▸ **What is expected**
Retype the data below exactly; skip every image.

▸ **Data supplied**
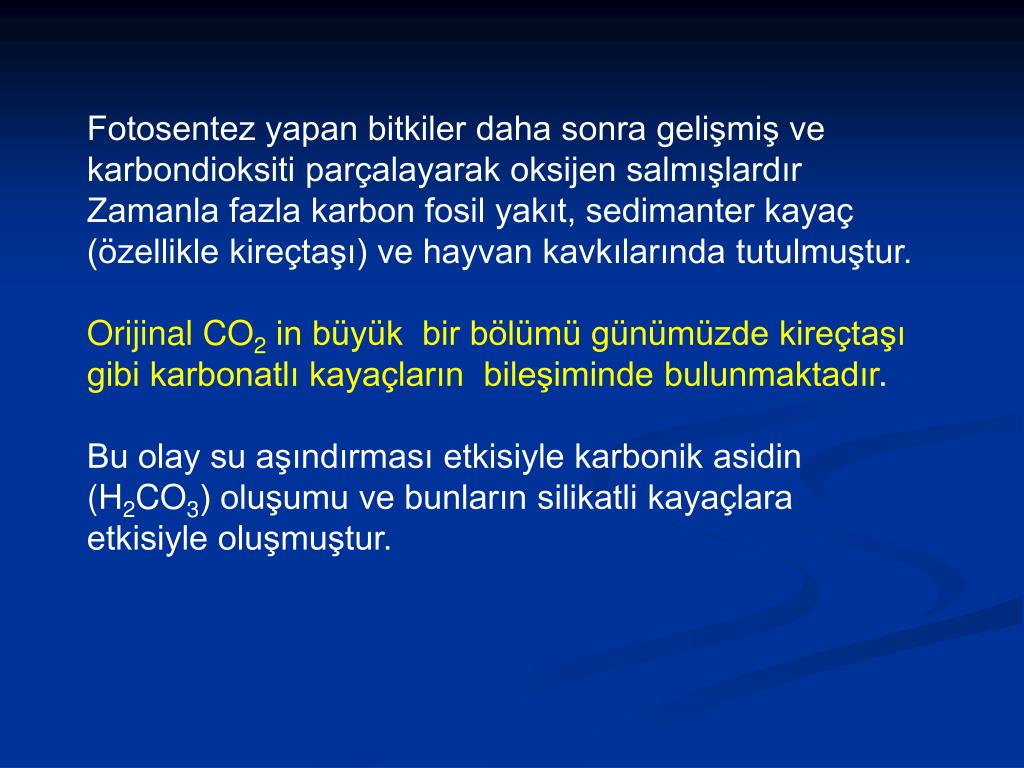 Fotosentez yapan bitkiler daha sonra gelişmiş ve karbondioksiti parçalayarak oksijen salmışlardır Zamanla fazla karbon fosil yakıt, sedimanter kayaç (özellikle kireçtaşı) ve hayvan kavkılarında tutulmuştur. Orijinal CO2 in büyük bir bölümü günümüzde kireçtaşı gibi karbonatlı kayaçların bileşiminde bulunmaktadır. Bu olay su aşındırması etkisiyle karbonik asidin (H2CO3) oluşumu ve bunların silikatli kayaçlara etkisiyle oluşmuştur.
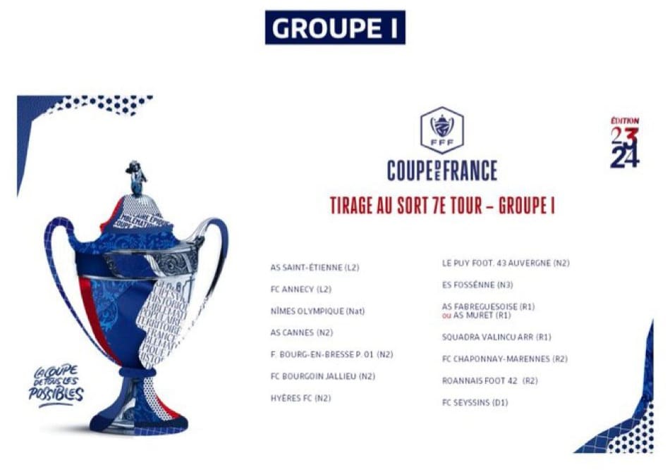 Dans cette liste communiquée par la FFF pour ce 7ᵉ tour de coupe de France figure Annecy (L2), Nimes (N1), Cannes (N2), Bourgoin Jallieu (N2), Hyères (N2), Le Puy (N2), Fossenne (N3), Squadra Valincu ARR (R1), Fabreguesoise (R1) ou AS Muret (R1), Chaponnay Marennes (R2), Roannais Foot (R2), FC Seyssins (D1).
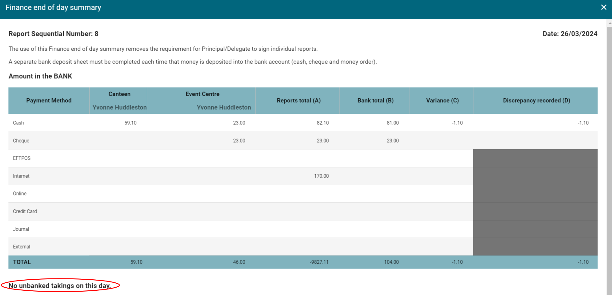 4. The Daily Summary will be produced. Receipts from all sources will be displayed in the appropriate columns. If tills have been closed but a deposit slip has not yet been created, these takings will be displayed under in the table designated for Unbanked takings.
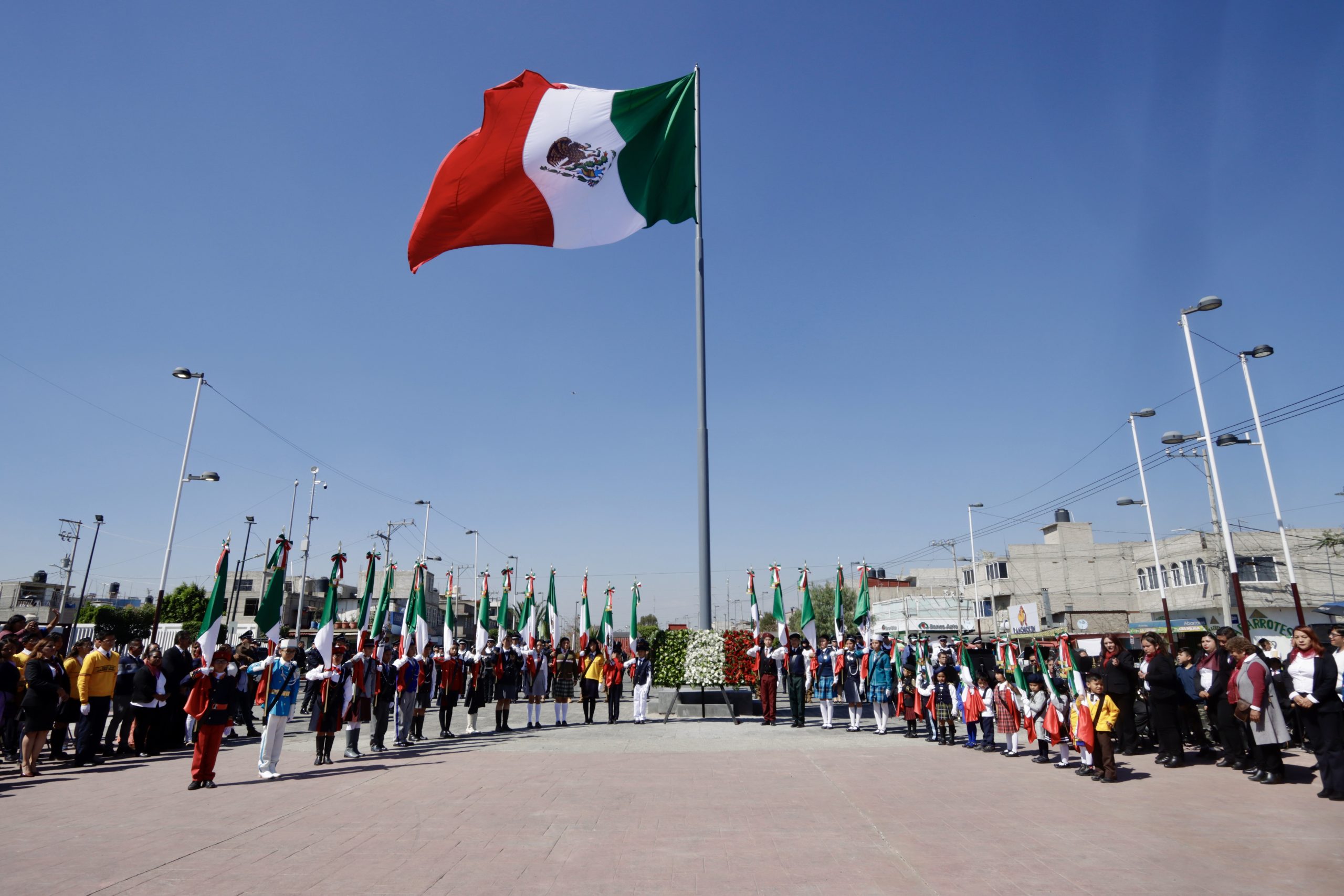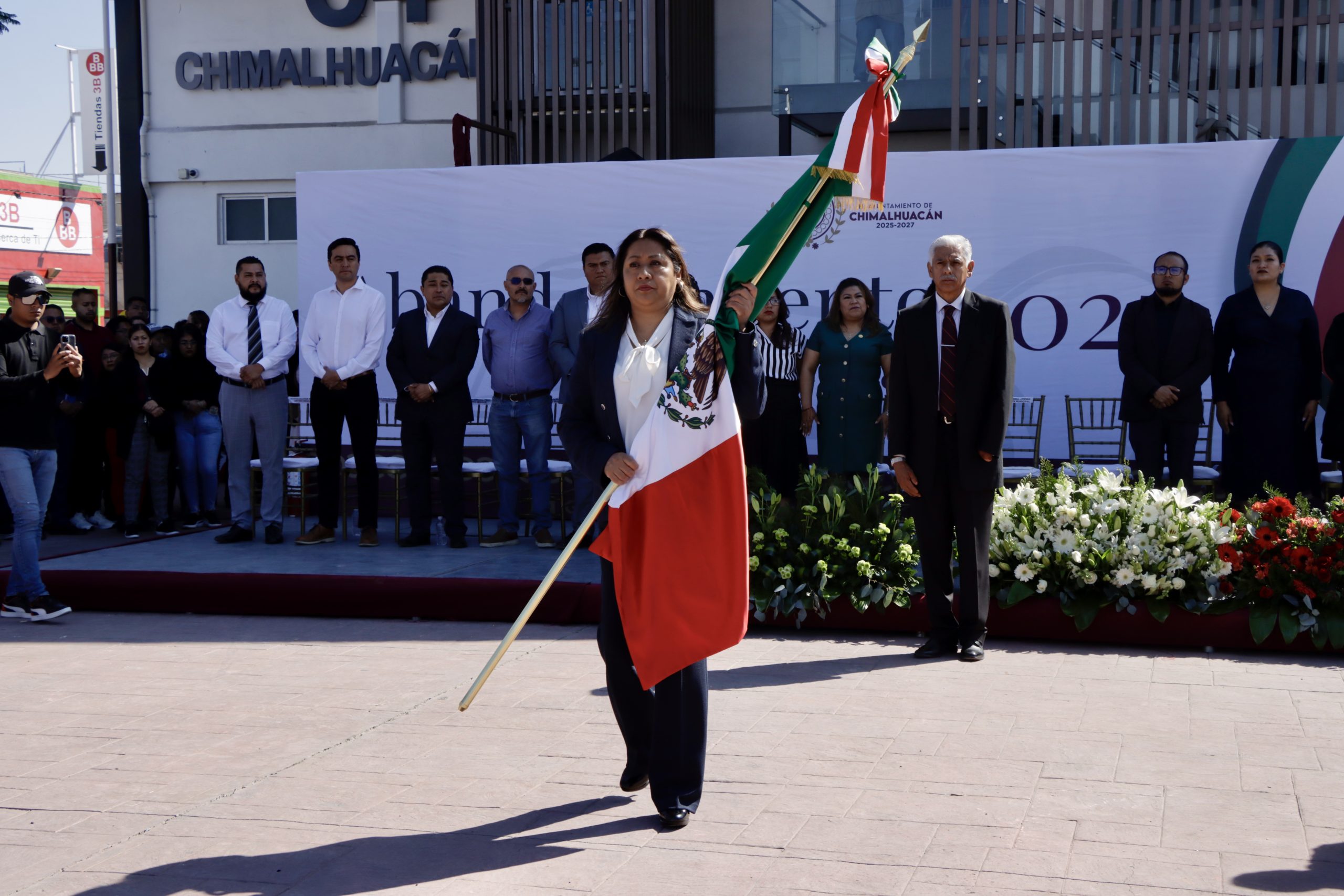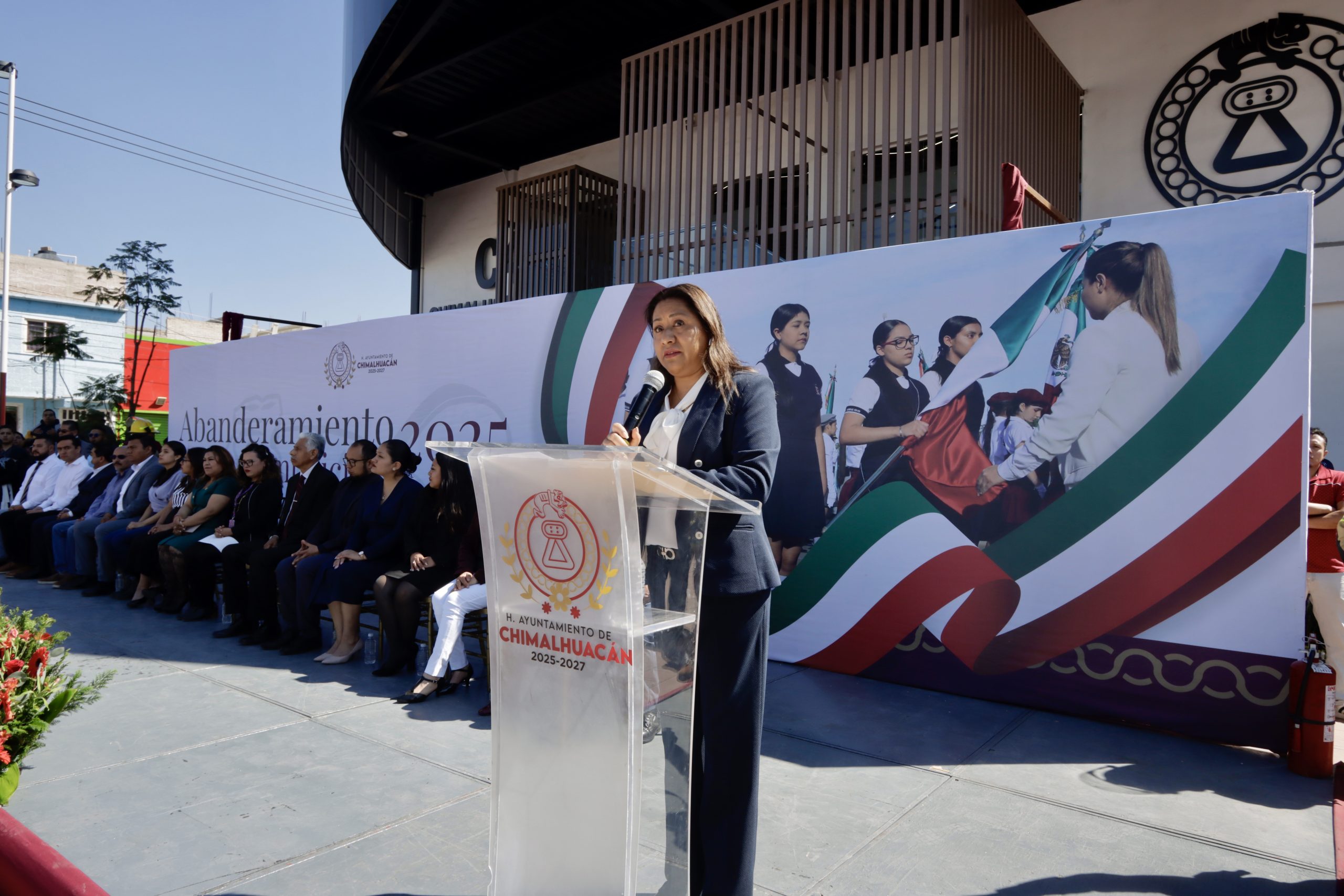 En el acto de conmemoración del Día de la Bandera se incineró el lábaro patrio de la escolta de la Secundaria “Guillermo Massieu Helguera”, quien recibió una nueva bandera de manos de la presidenta de Chimalhuacán. Asimismo, el cuerpo edilicio, las autoridades del Estado de México y la diputada federal del distrito 25, Leyde Avilés Domínguez, entregaron kits de abanderamiento a escoltas de escuelas de educación básica. Acto seguido, la alcaldesa Xóchitl Flores tomó protesta a las escoltas.
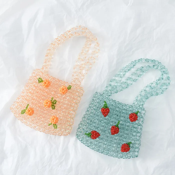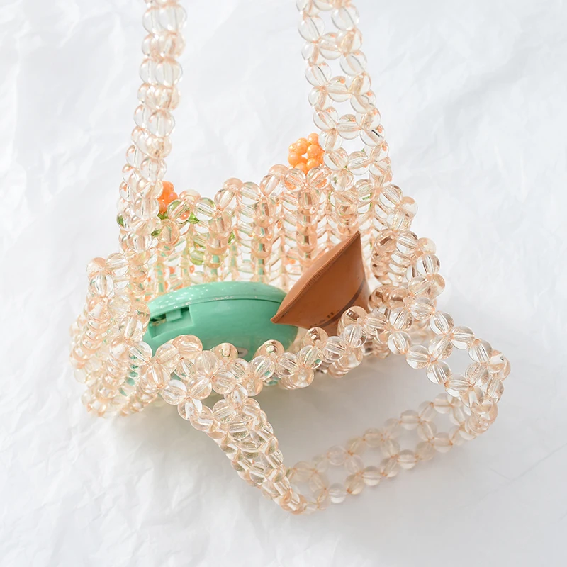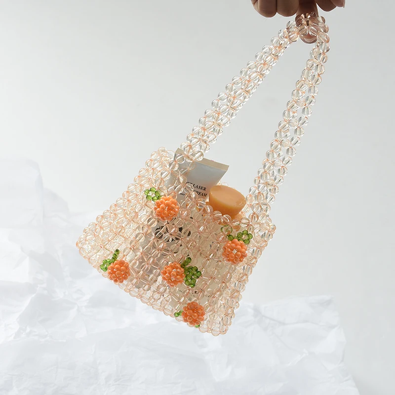 Товар: ретро сумка из оранжевой соды с прозрачными кристаллами, плетеный, с бусинами

▸ **Response to the task**
 Fotosentez yapan bitkiler daha sonra gelişmiş ve karbondioksiti parçalayarak oksijen salmışlardır Zamanla fazla karbon fosil yakıt, sedimanter kayaç (özellikle kireçtaşı) ve hayvan kavkılarında tutulmuştur. Orijinal CO2 in büyük bir bölümü günümüzde kireçtaşı gibi karbonatlı kayaçların bileşiminde bulunmaktadır. Bu olay su aşındırması etkisiyle karbonik asidin (H2CO3) oluşumu ve bunların silikatli kayaçlara etkisiyle oluşmuştur.
 Dans cette liste communiquée par la FFF pour ce 7ᵉ tour de coupe de France figure Annecy (L2), Nimes (N1), Cannes (N2), Bourgoin Jallieu (N2), Hyères (N2), Le Puy (N2), Fossenne (N3), Squadra Valincu ARR (R1), Fabreguesoise (R1) ou AS Muret (R1), Chaponnay Marennes (R2), Roannais Foot (R2), FC Seyssins (D1).
 4. The Daily Summary will be produced. Receipts from all sources will be displayed in the appropriate columns. If tills have been closed but a deposit slip has not yet been created, these takings will be displayed under in the table designated for Unbanked takings.
 En el acto de conmemoración del Día de la Bandera se incineró el lábaro patrio de la escolta de la Secundaria “Guillermo Massieu Helguera”, quien recibió una nueva bandera de manos de la presidenta de Chimalhuacán. Asimismo, el cuerpo edilicio, las autoridades del Estado de México y la diputada federal del distrito 25, Leyde Avilés Domínguez, entregaron kits de abanderamiento a escoltas de escuelas de educación básica. Acto seguido, la alcaldesa Xóchitl Flores tomó protesta a las escoltas.
 Товар: ретро сумка из оранжевой соды с прозрачными кристаллами, плетеный, с бусинами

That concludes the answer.